Lorsque l'on regarde des images de la dernière guerre civile en Afrique et que l'on voit les Français se faire évacuer par des militaires  envoyés sur place pour les récupérer, on imagine difficilement que l'Afrique a souvent été une aventure formidable pour eux.

Nous avons interviewé Jean Pierre Pinchot, un professionnel du bâtiment, qui est « tombé dans l'Afrique » tout jeune diplômé et y a fait toute sa carrière. Aujourd'hui à la retraite et installé en France, il évoque son parcours en Afrique.

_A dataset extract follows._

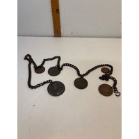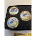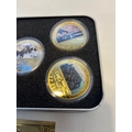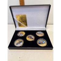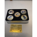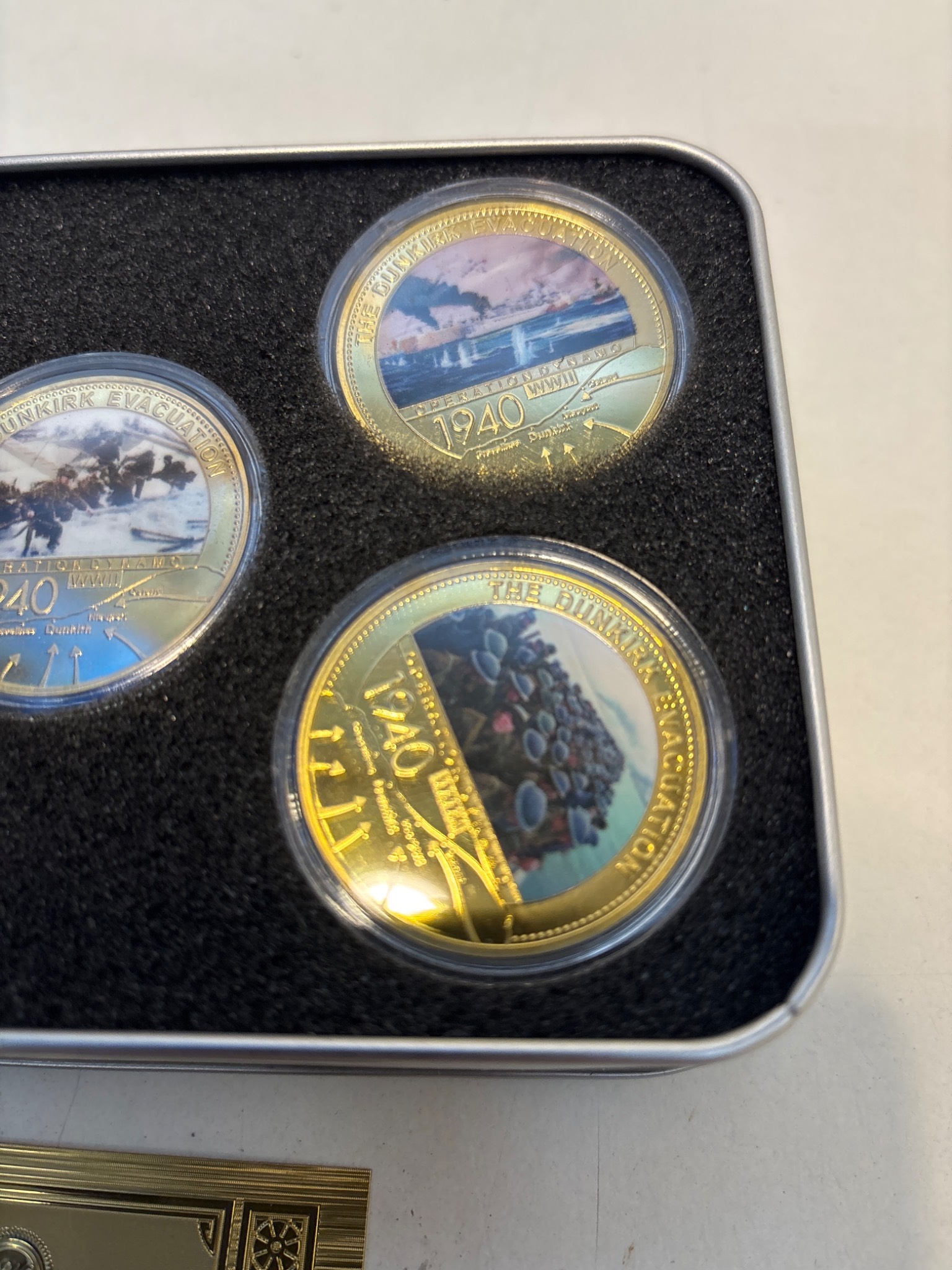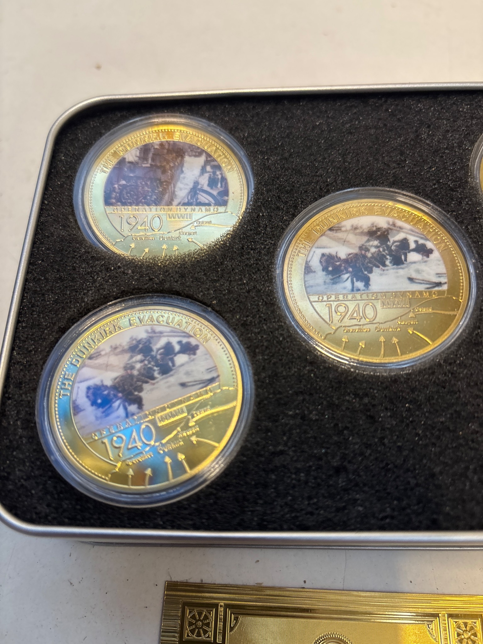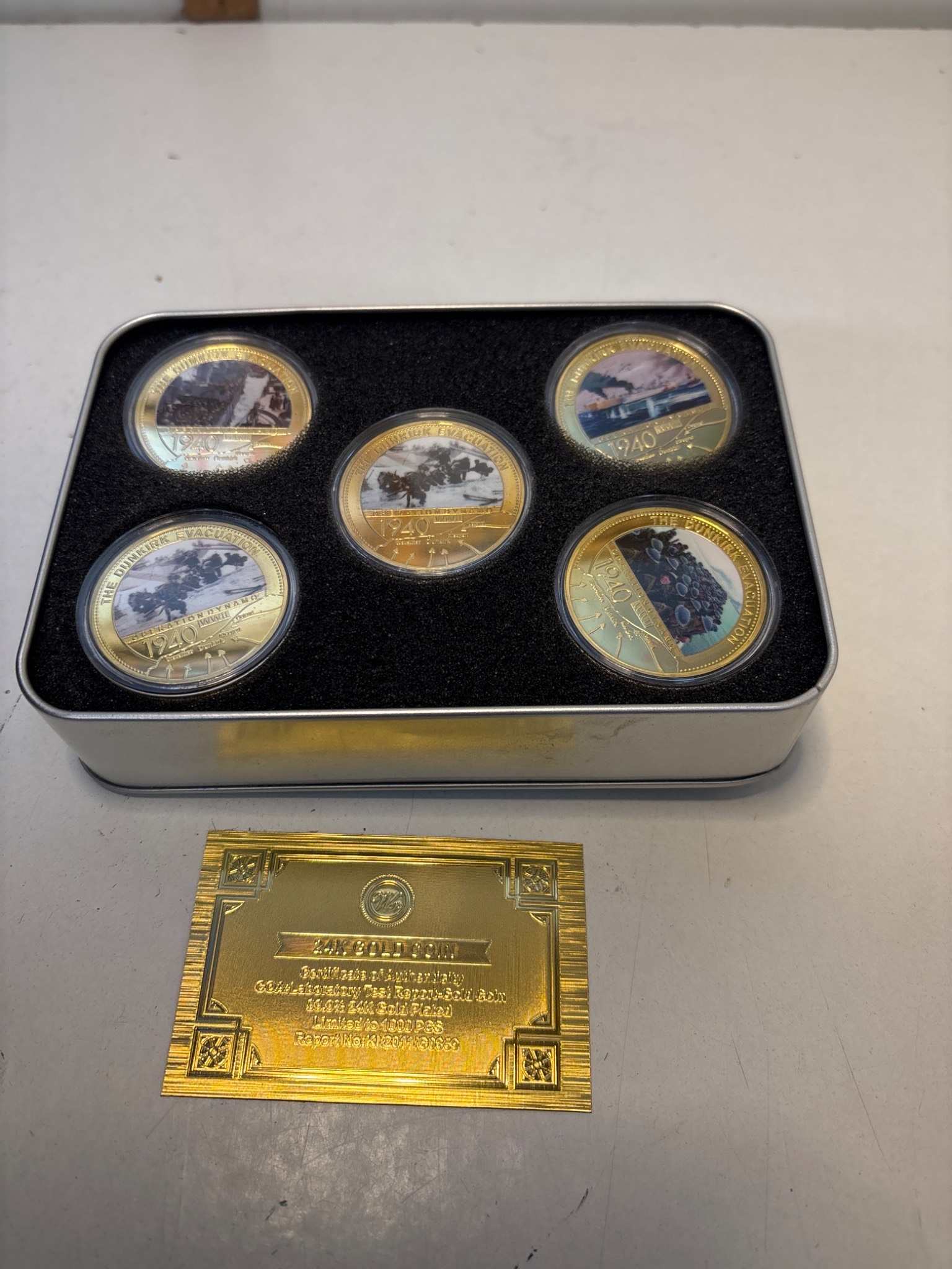Five commemorative gold-plated coins depicting scenes from 1940 with certificate, housed in a metal display case.

Comme de nombreux « aventuriers africains », Jean Pierre Pinchot met son premier pied sur le continent africain, sur invitation d'une grande entreprise française du bâtiment, les Ciments Colas, pour un poste de cadre supérieur au Cameroun dans les années 1980. Quelques années plus tard, les Ciments Colas se désengagent du Cameroun, dont les activités de la Guinée Equatoriale. Jean Pierre Pinchot, décide de rester et rentre alors en contact avec l'entreprise Bouygues qui décide de réactiver la société Dragages GE dont elle confie la direction à monsieur Pinchot. La société équato-guinéenne revit et devient Bouygues GE.

L'arrivée du pétrole en Guinée Equatoriale change totalement l'avenir du pays, en lui donnant les moyens de son développement,contrairement à d'autres pays africains pétroliers, dont les revenus n'ont pas été utilisés pour réaliser des travaux d'infrastructures et d'équipement. En Guinée Equatoriale, les pétrodollars ont été utilisés pour créer ports, aéroports, routes, écoles, bibliothèques, hôpitaux, etc.. Jean Pierre Pinchot est au premier rang pour assister à cette révolution économique.

Les aventures d'expatriation sont émaillées de rencontres humaines et parfois, d’amitiés durables qui se réalisent et résistent aux années. Jean Pierre Pinchot évoque le cas de ce jeune diplômé nommé Hassan Hachem qui débarque en 1989 , décroche un job de rêve pour un jeune architecte, satisfait son client, un notable local, se crée une réputation et en quelques années devient l'un des Européens les plus réputés du pays. Mais, ce que j'apprécie chez Hassan Hachem, ce sont paradoxalement moins ses talents techniques que ses valeurs humaines qui ont donné naissance à une amitié sincère.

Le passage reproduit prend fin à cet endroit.